Улыбаясь грустной улыбкой, она тихо отвечает:

— Она умерла, малышка. Мы все умерли.

Мое сердце сжимается, и я шепчу:

— Да уж, это хреново.

Бу поворачивается, и мы мгновение смотрим друг на друга. Между нами немое общение.

Мой рот открывается, и я немного хмурюсь. Мне действительно очень жаль, Бу. И это действительно хреново.

Она слегка пожимает плечами и подмигивает мне. Всё хорошо. Я нормально к этому отношусь.

Перебирая кончиками пальцем, я выпаливаю:

— Констанс? Ты выбрала имя Констанс?

Она прыскает со смеху, и я тоже. Какое-то время мы вместе смеемся, прежде чем она успокаивается и тихо отвечает:

— Это было имя моей матери. Это мой способ никогда ее не забывать. Ее звали Конни, поэтому я всегда считала неправильным, чтобы меня так называли. Однажды Рок сказал мне, что я была тихой как приведение, и дал мне прозвище Бу, и с тех пор я стала Бу. — Неожиданно приходя в чувство, она спрашивает: — А у тебя есть парень?

Качая головой, я говорю ей:

— Нет, разве что вымышленный. В моей жизни — только я и мои книги.

Она становится задумчивой, глаза грустные, и проговаривает:

— Должно быть, тебе одиноко.

Улыбаясь, я также тихо говорю:

— Я могла бы сказать то же самое и о тебе.

Она улыбается мне в ответ.

— Не в бровь, а в глаз.

Мы обе со вздохом откидываемся назад на кровать. Я думаю, моя жизнь не так плоха.

По крайней мере, я не мертва.

***

Извиняясь и говоря, что хочу принести себе и Бу что-нибудь поесть, я бегу на кухню, скольжу по полу в носках и останавливаюсь в дюйме от Нокса.

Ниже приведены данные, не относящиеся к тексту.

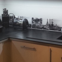 Réalisation d'un éclairage de plan de travail de couleur sombre (noir, anthracite...) avec un profilé aluminium qui se fixe grâce à du double face.
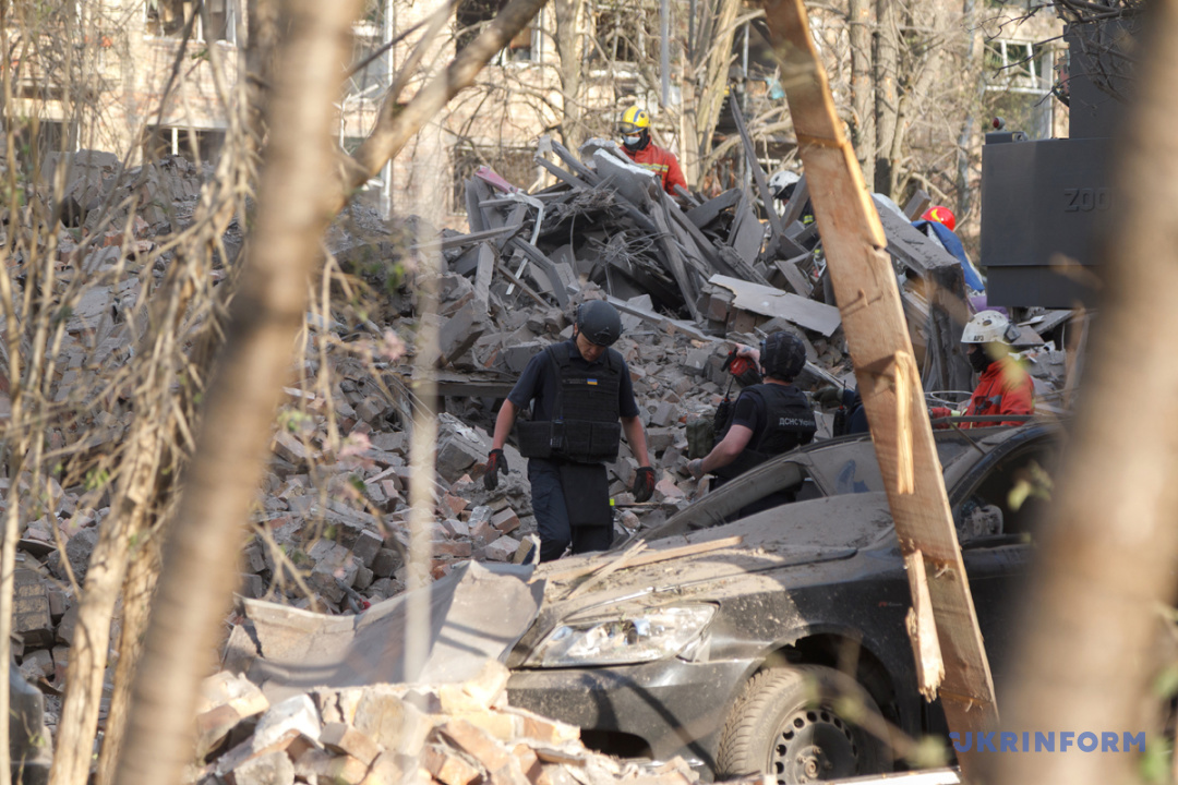 Фотокореспондент Укрінформу побував у Святошинському районі столиці, де рятувальники розбирають завали у двох багатоповерхових житлових будинках.

Его голубые глаза вспыхивают.

— Куда так спешишь, принцесса?

Сегодня один из тех редких дней, когда на нем нет рубашки.

Мои глаза сощуриваются, и я молю их оставаться сфокусированными на его лице, а не на широкой, массивной груди, так восхитительно влажной от пота.

Ням-ням.

— Просто хочу взять что-нибудь поесть.

Кивая, он искренне говорит:

— Рад, что твой аппетит вернулся.

Кивая ему в ответ, я также искренне ему отвечаю:

— Я тоже.

И затем ничего.

Неловкое молчание.

Доооолгое неловкое молчание.

Обхожу его, иду в кладовую, мой мозг напоминает мне, что нам есть что с ним обсудить. Как только он двигается, чтобы покинуть огромную кухню, которая неожиданно ощущается большая как почтовый ящик, я выкрикиваю.

— Вообще-то, я хотела спросить, говорил ли ты с Митчем о том, чтобы я могла поговорить со своей сестрой.

Его лицо полностью лишено всяких эмоций, и он опирается бедрами на барную стойку.

— Нет. Пока нет. — Перегибаясь через стойку, он берет яблоко и начинает играть с ним.

Я немного зла на это. Он говорил, что попытается. Мое лицо каменеет. Я хожу по кухне, хлопая дверью кладовой, открываю и закрываю ящики слишком быстро, желая, чтобы шум передавал мое настроение прямо сейчас.

Нокс смотрит прямо на меня.

— И почему ты сейчас взбешена?

Сбросить бомбы!

Теряя свое терпение, я кричу:

— Знаешь, что бы сделало меня счастливой, Нокс? Знание того, что моя сестра в порядке! Мне нравится Бу, нет, я люблю Бу, но она не моя сестра, и ты думаешь, я не понимаю, что ты делаешь, а это делает тебя еще большим мудаком! Знаешь, что бы сделало меня более чем счастливой? На самом деле поговорить с ней и слышать лично, что она жива и здорова. А не подсовывать мне замену под нос.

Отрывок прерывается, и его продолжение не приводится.